A funny thing: I started this blog to promote what my agent hoped would soon be my forthcoming memoir, Rocket Lessons. On the way to the publishers (many), I discovered I am primarily a poet with a bad fiction habit.

Like any addict, I don’t know how I found myself again working on a novel that’s been hidden in my trunk for a few sober years. I suppose it was the Austen Influence — perhaps my 13th re-reading of Northanger Abbey (my book club made me do it). That novel reads like a series of gossipy letters, fascinatingly detailed gossip with wit and a rather dry wisdom about the follies and fantasies of youth. It gave me ideas.

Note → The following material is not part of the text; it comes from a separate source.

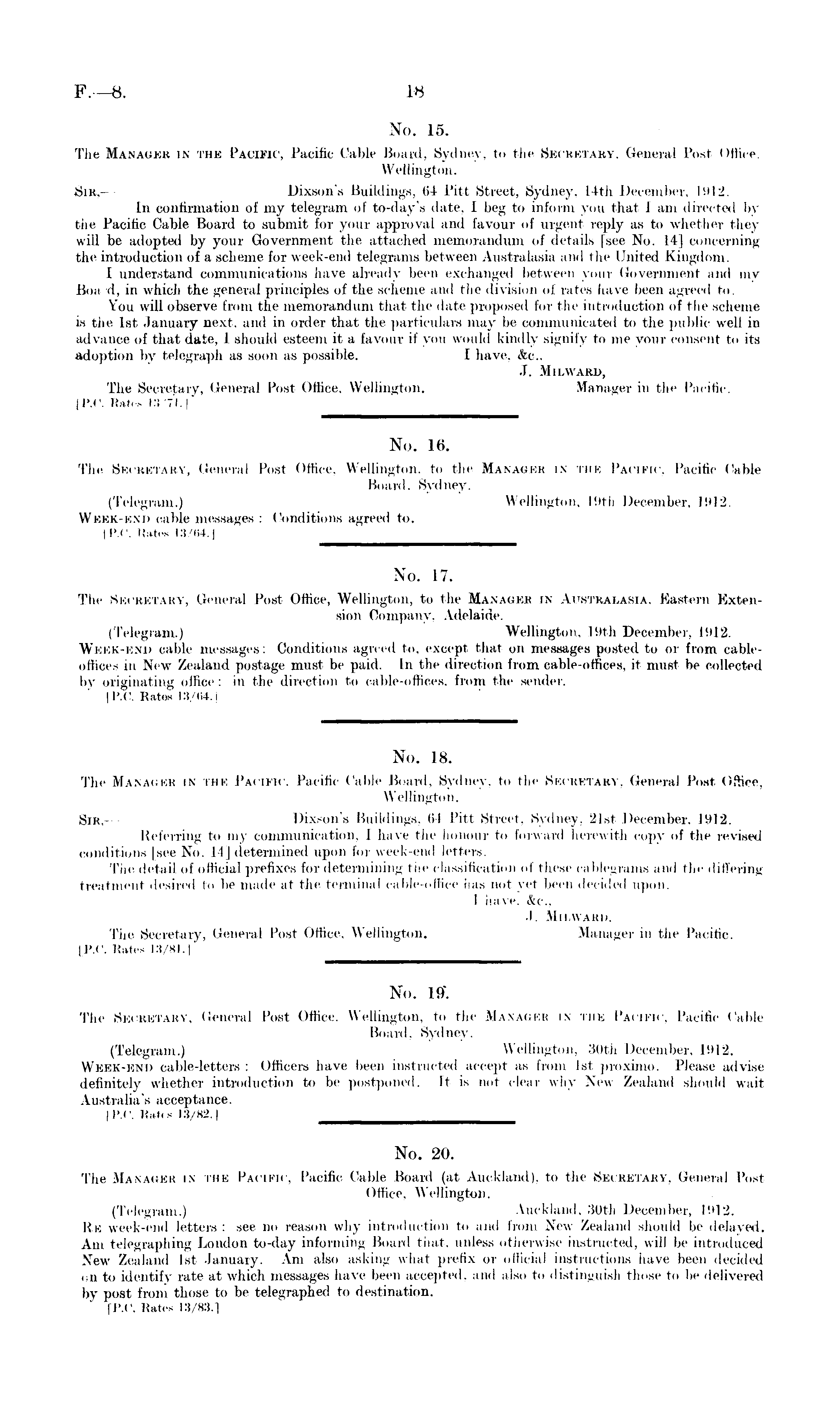 No. 15. The Manager in the Pacific, Pacific Cable Board, Sydney, to the Secretary, General Post Office. Wellington. Sir- Dixson's Buildings, 64 Pitt Street, Sydney, 14th December, 1912. In confirmation of my telegram of to-day's date. I beg to inform you that I am directed by the Pacific Cable Board to submit for your approval and favour of urgent reply as to whether they will be adopted by your Government the attached memorandum of details [see No. 14] concerning the introduction of a scheme for week-end telegrams between Australasia and the United Kingdom. I understand communications have already been exchanged between your Government and mv Boa d, in which the general principles of the scheme and the division of rates have been agreed to. You will observe from the memorandum that the date proposed for the introduction of the scheme is the Ist January next, and in order that the particulars may be communicated to the public well in advance of that date, I should esteem it a favour if you would kindly signify to mc your consent to its adoption by telegraph as soon as possible. I have, &c, J. Mil. WARD, The Secretary, General Post Office. Wellington, Manager in the Pacific. [P.C. Rates 13 71.]

Of course I also pulled out my short stories and began to send them around. This is just to garner nice quotes from people who don’t want to publish my fiction. I think it’s rather like an Austen drawing room: editors sometimes like to amuse themselves by their excessively inventive wit in civil rejection.

I do have some short story publishing credits. But what should I do with them? They’re like mismatched socks. You hate to throw them away, in case the mate shows up.

Do any of you poets have a secret fiction life? Do you sneak away from the seriousness of po-biz to slip unorthodox prose to editors who have no idea what level of Emerging Poet you might be? To be again just an over-the-transom sub with delightful delusions of fame and fortune, hearing in every contest entry the strike of literary lightning? Sadly, I cannot claim the excuse of youth.

Visit https://racheldacus.net for more information and writing by Rachel Dacus.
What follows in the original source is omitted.